I would like to believe this is a story I’m telling. I need to believe it. I must believe it. Those who can believe that such stories are only stories have a better chance. If it’s a story I’m telling, then I have a control over the ending.
Margaret Atwood, The Handmaid’s Tale

In 1985, Canadian author Margaret Atwood published a dystopian novel written in fragments. It contains a scary vision, a disturbing compilation of every thinkable evil humankind may be capable of. Offred, the main character and narrator, explains the world she lives in: Gilead, a theonomic state with a totalitarian structure that is ruled by a male military elite. Atwood’s novel points out how religious and political fanaticism fuel social inequality, censorship, and the limitation of individual rights. The Handmaid’s Tale challenges conventions and expectations and enthrals the reader who reconnects all the pieces of this shocking story. The Handmaid’s Tale has been adapted for TV, film, radio, stage, and opera. There is also a graphic novel. Furthermore, it has inspired women fighting for their rights against conservative forces in many countries around the world. Eventually, in 2019, Atwood published a second novel, The Testaments, in which new female perspectives on Gilead and its decline are elaborated.The Handmaid’s Tale has become a frame for articulating and discussing controversial aspects of contemporary society such as gender relationships, power and political structures, ecology and catastrophe, reproduction and family, love and loyalty, domination and subversion, and the role of science. Religion plays a crucial yet still ambivalent role: it offers the main legitimation for the oppressive power of the cruel theocracy and at the same time it is a source of hope and motivation for subverting the whole system. The Bible is also used in controversial ways, as a means of subjugation and as a text that enables resistance.

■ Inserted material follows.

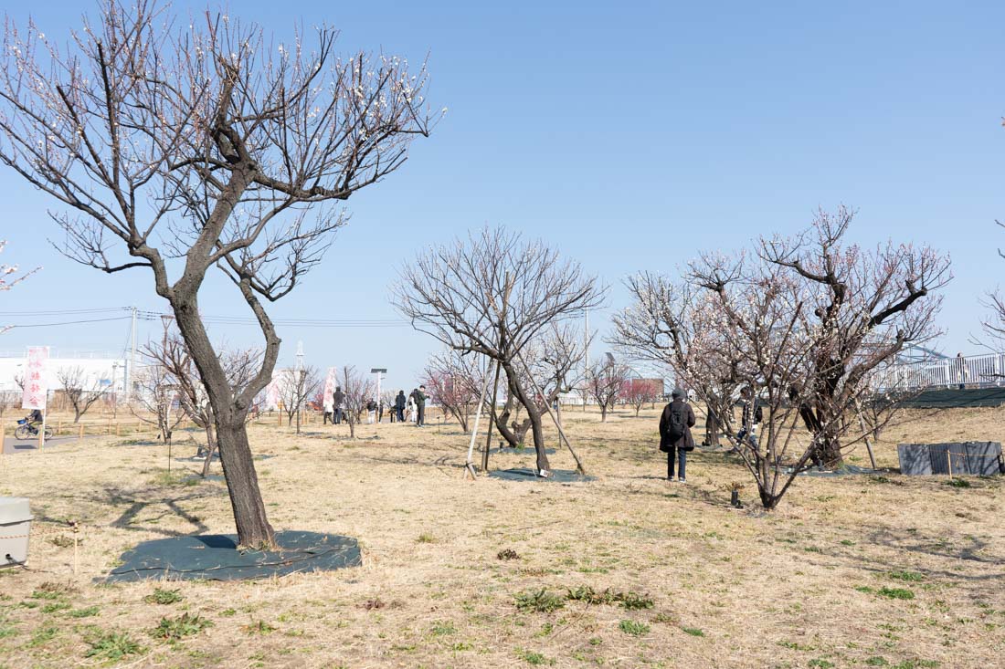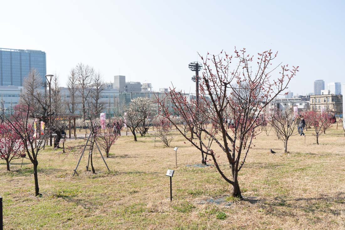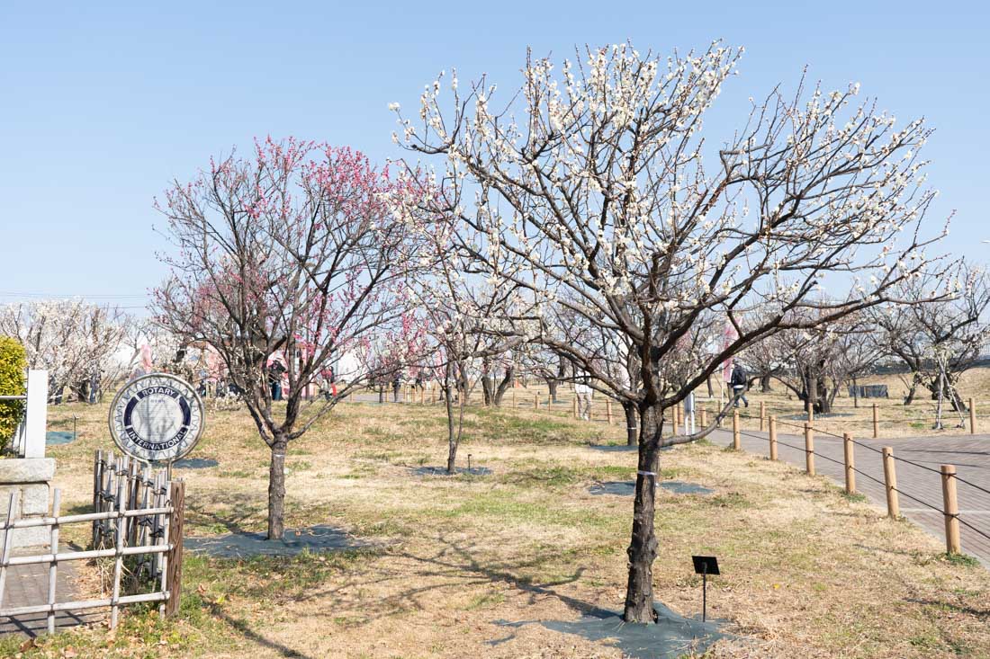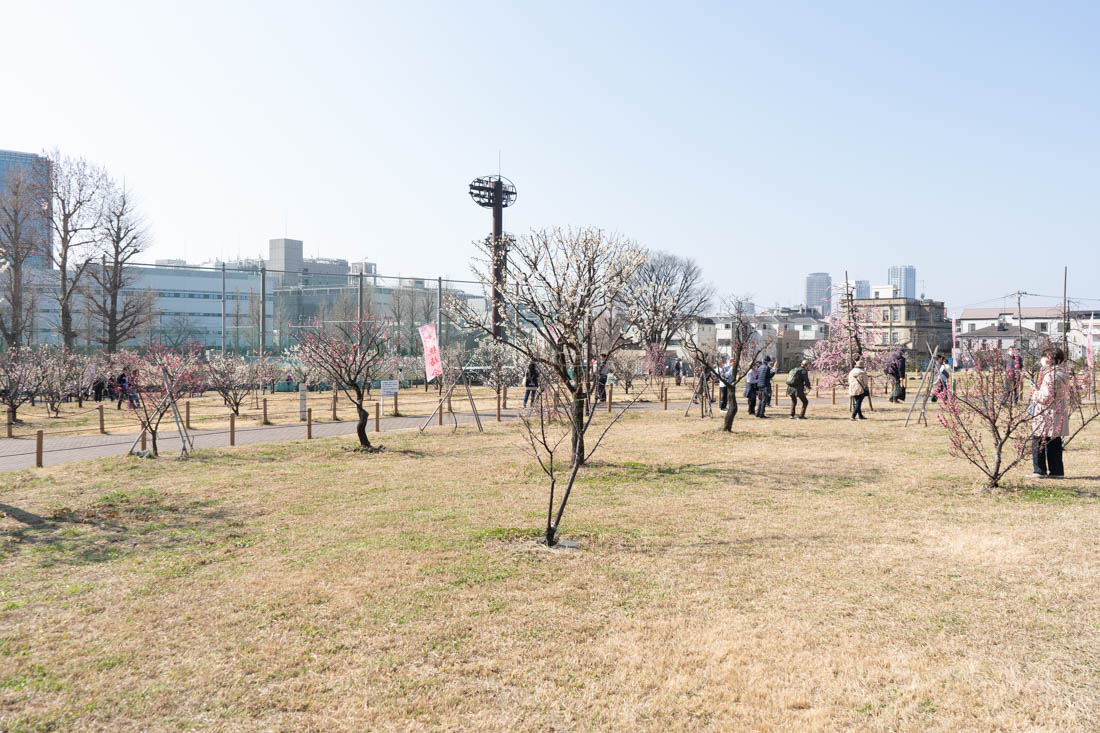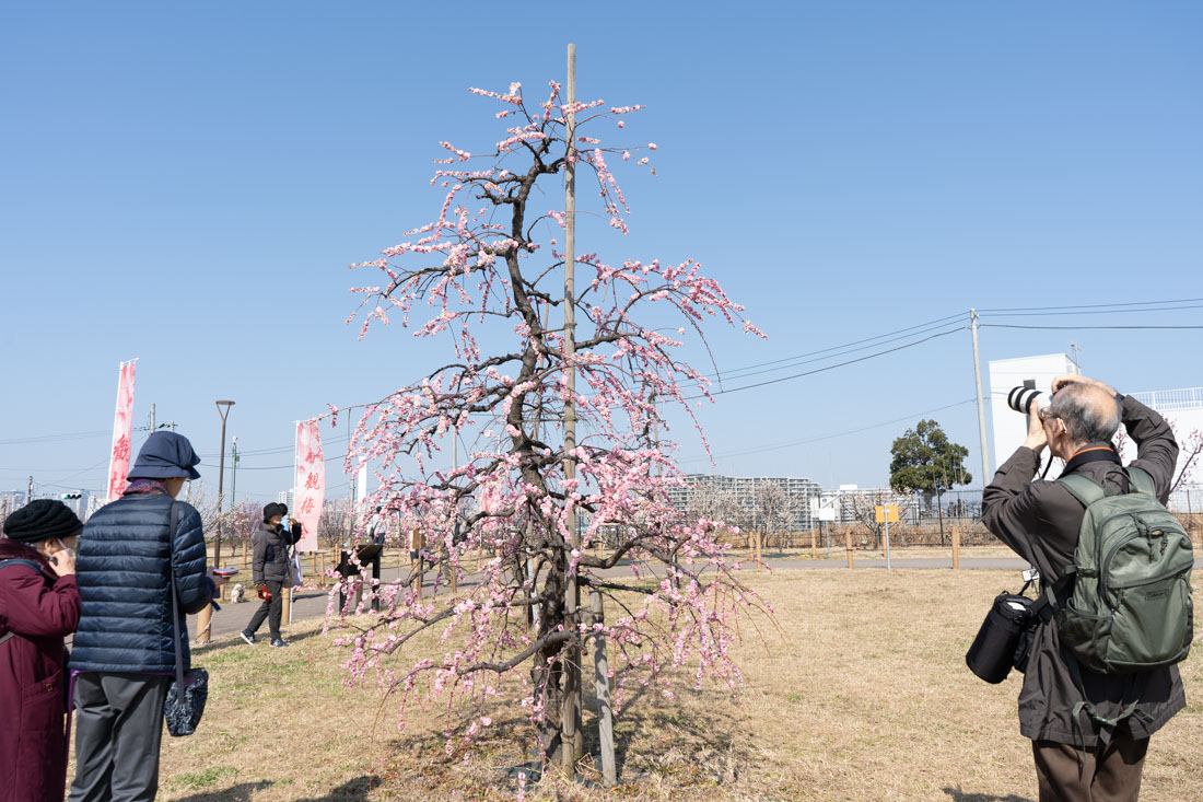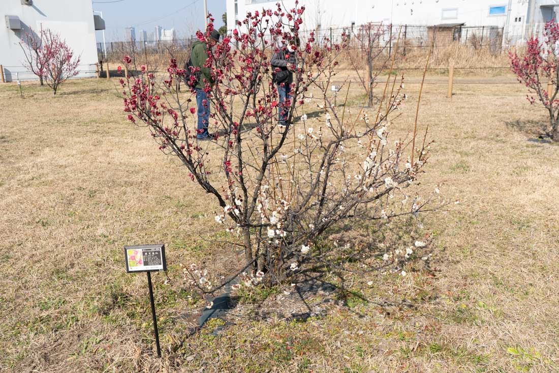 園内で一番人気の梅の木です。この梅の木は、毎年園内で比較的早く花を咲かせ、高さもあるため、一番見栄えがよく写真を撮る人たちで人が集まっていました。

The editors of JRFM invite contributions for the May 2024 issue that address the multifaceted and controversial roles of religion in The Handmaid’s Tale in and beyond the novel of 1985. Consideration of the various ramifications of this narrative in different media and decades and of its impact on politics and social debates are welcome, as is in-depth analysis of The Handmaid’s Tale that focusses on the role and significance of religion, references to the history of religions, and ethical and philosophical aspects as well as its social criticism. Different approaches can be taken and a variety of questions asked, such as:


• How is religion represented and which aspects of religion are addressed in Margaret Atwood’s novels from 1985 and 2019? What is the religious background of Gilead? Whose interests does it serve?
• Can we identify a change in how religion is represented in the novel’s adaptations for different media, including audiovisual versions, the graphic novel, and performed iterations? Why?

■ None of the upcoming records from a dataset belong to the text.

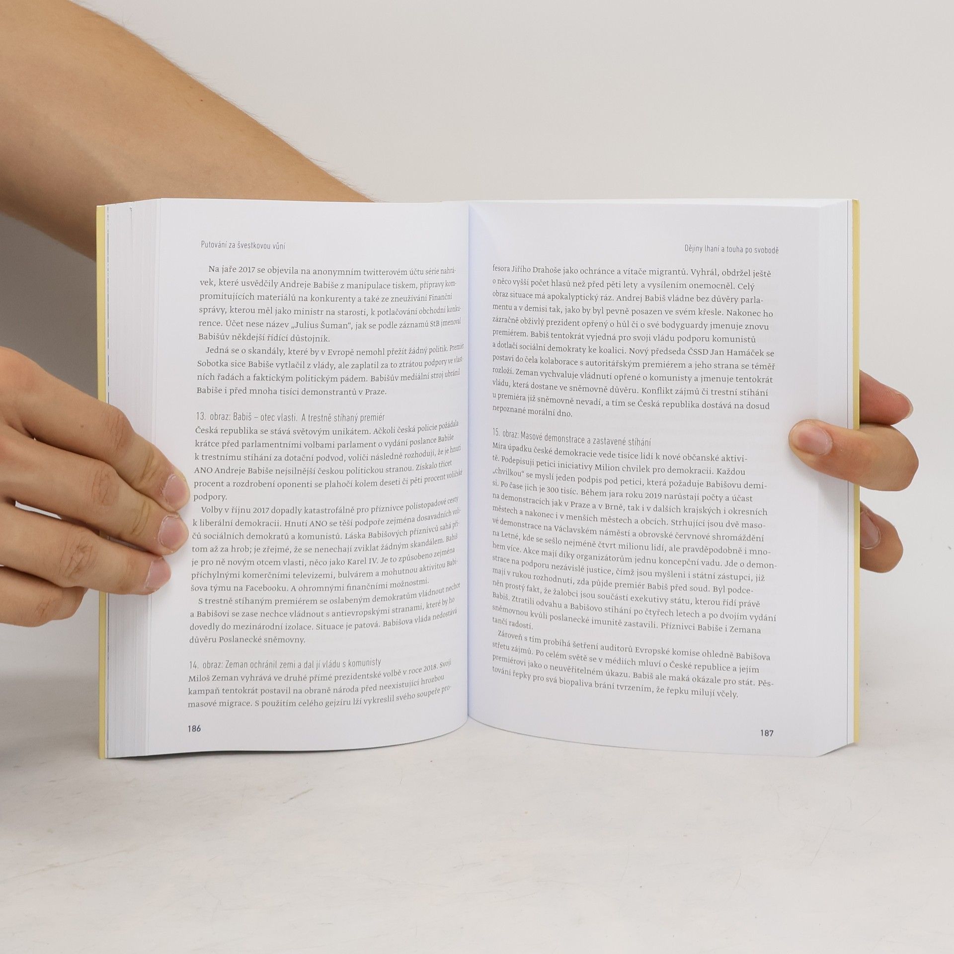 Politický komentátor a šéfredaktor deníku FORUM 24 Pavel Šafr provází čtenáře českou historií a komentuje mýty, stereotypy a falšování, které se objevují ve výkladu českých dějin od národního obrození. Ve třiceti kapitolách přibližuje historii od středověku po současnost, zaměřuje se na příběhy a události, které vyvolávají ideové spory a kulturní konflikty. Autor zastává názor, že sebevědomý národ se dokáže dívat na svoji minulost pravdivě, včetně jejích negativních aspektů. Zmiňuje například tvrzení Miloše Zemana o svatém Václavu, proces s Janem Husem, vyhnání Němců a vděčnost některých Čechů Putinovu Rusku. Šafr hledá odpovědi na otázky, jak se události seběhly a jaké významy jim byly mylně přiřčeny. Kromě středověkých a raně novověkých příběhů se zaměřuje na národní obrození, osobnosti zakladatele Československa, pravou povahu komunistického panství a sovětský vliv. Kniha také obsahuje portréty československých a českých prezidentů, zkoumá jejich charakter a vliv na společnost. Rozšířené vydání, které nyní přináší nakladatelství Free Czech Media, obsahuje dvě nové kapitoly – „Babišismus: Otázka viny“ a „Putinovi Češi a stíny Sovětského svazu“.
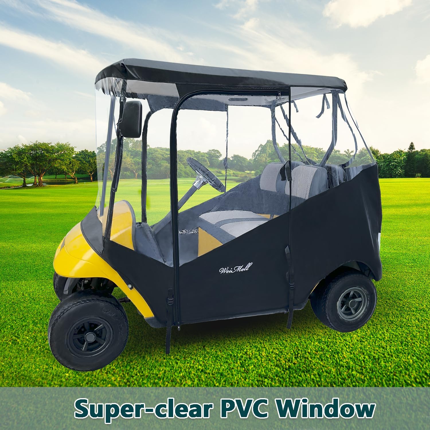 - VISIBILITY AND SAFETY: The WEIMELL Golf Cart Driving Rain Cover has four clear PVC windows with clear taillight windows and zippered openings on the side view mirrors, allowing you to drive safely day or night.
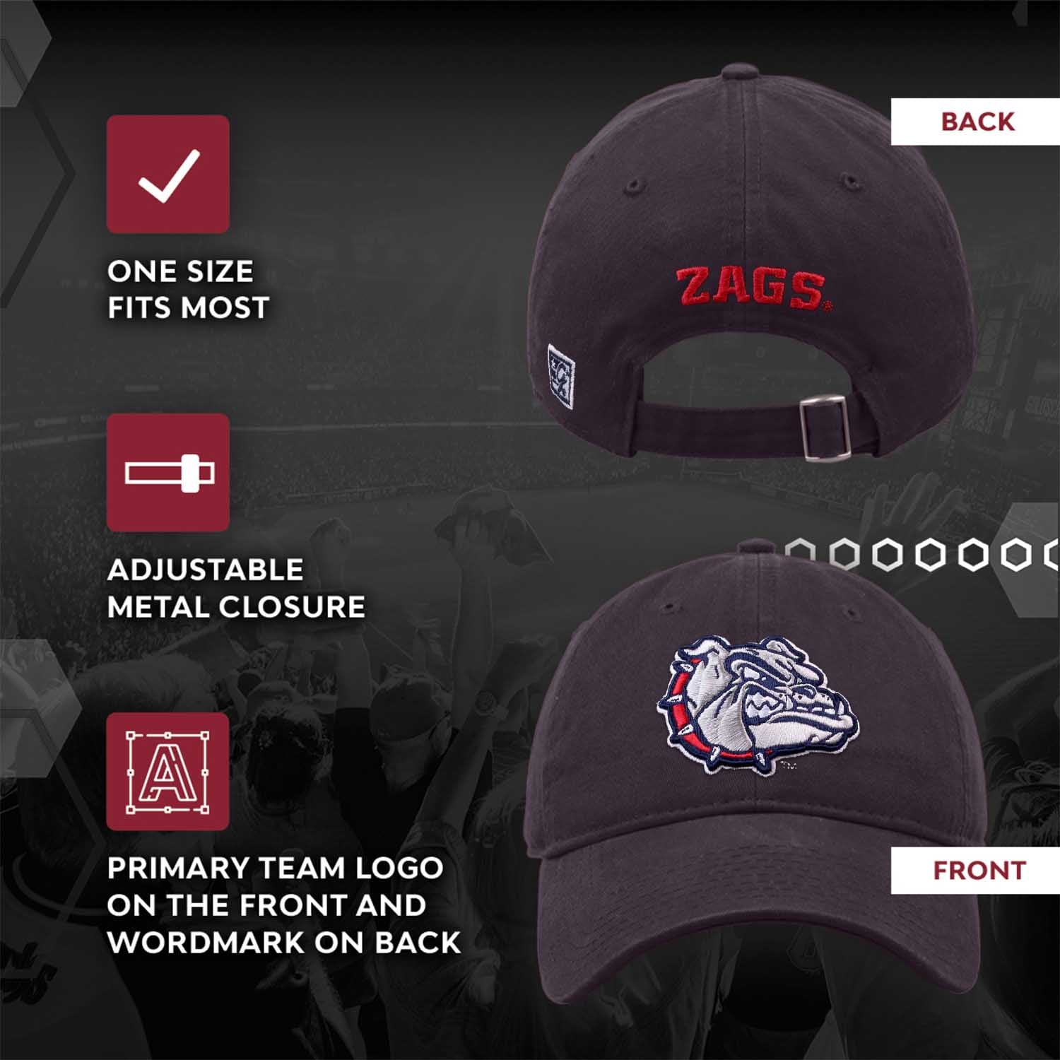 This Gonzaga hat is a must-have for any Bulldogs fan! These college hats are made from 100% cotton and garment-washed twill, and are durable and comfortable to wear. The garment-washed fabric gives this vivid Gonzaga hat a cool, stylish, and fashionable look. The Gonzaga Bulldogs logo is embroidered on the front, with the team wordmark on the back. The relaxed, unstructured hat design feels soft & easy to wear, making it a good dad baseball hat for everyday wear. The adjustable metal closure ensures a one size fits all. If you are looking for the perfect Gonzaga gift for Father's Day, look no further than the Gonzaga Bulldogs dad hat! Wear it with the classic Gonzaga Bulldogs apparel on game day with your Gonzaga Bulldogs clothes and Gonzaga Bulldogs merch, or wear it out running errands. This Gonzaga cap is a staple in every Bulldogs fan's apparel. Show your support for Gonzaga this baseball hat. Show your love for soccer, baseball, basketball, and hockey all year long.

• What is the hermeneutical dimension of the Bible in The Handmaid’s Tale?
• Which contemporary dimensions of religion and society are challenged by the narrative universe of The Handmaid’s Tale?
• What could be the role of dystopian narrative in staging religion today?

We hope for an innovative scholarly discussion across a broad spectrum of case studies that includes the different adaptations and further works inspired by Margaret Atwood’s novel. Scholars of literature, cinema and media studies, theology, and the study of religion, as well as of sociology or political sciences and other disciplines are invited to contribute to this issue.The issue also includes an open section for articles on other topics in keeping with the profile of JRFM. The deadline for all submissions is 30 June 2023. Contributions of 5,000 to 7,000 words (including notes) should be submitted for double-blind peer review through the journal homepage at www.jrfm.eu. We kindly ask authors to register and to consider the instructions for submitting contributions, especially the style guide. Publication is scheduled for May 2024. For questions regarding this call for papers or the submission and publication process, please contact the editors of the issue, Natalie Fritz (natalie.fritz@kath.ch) and Daria Pezzoli-Olgiati (pezzoli@lmu.de).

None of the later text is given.